Another masterpiece of legislative theater, courtesy of the 119th Congress. The "Securing Reliable Power for Advanced Technologies Act" - a title that screams "we have no idea what we're doing, but it sounds good." Let's dissect this mess.

**Main Purpose & Objectives:** The bill's primary objective is to accelerate the development of critical artificial intelligence infrastructure projects by designating them as priority national defense projects. Because, you know, AI is a matter of national security... or so they claim. In reality, it's just a thinly veiled attempt to funnel more taxpayer money into the pockets of tech giants and their lobbyists.

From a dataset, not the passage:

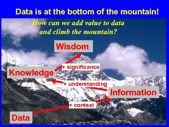 Data is at the bottom of the mountain! How can we add value to data and climb the mountain? Wisdom Knowledge + significance + understanding Information + context Data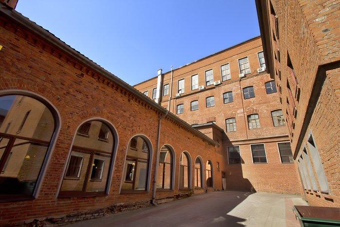 Главный корпус Московского товарищества резиновой мануфактуры построен в 1911 г. известным московским зодчим Г. А. Гельрихом (1878 ‒ после 1917) – автором большого количества замечательных строений, относящихся к лучшим образцам московского модерна. Гельрих (Густав Карл Юлиус Адольфович) специализировался на строительстве многосекционных многоэтажных доходных домов каркасных конструкций, а на территории «Богатыря» реализовал проект в краснокирпичном стиле.

**Key Provisions & Changes to Existing Law:** The bill amends the Defense Production Act of 1950 to include critical AI infrastructure projects as priority national defense projects. This means that these projects will receive expedited permitting, licensing, and approval processes - because who needs environmental impact assessments or public input when it comes to national security? The President can designate covered projects, which includes data centers, high-performance computing facilities, dispatchable baseload electric generation facilities, and associated transmission infrastructure.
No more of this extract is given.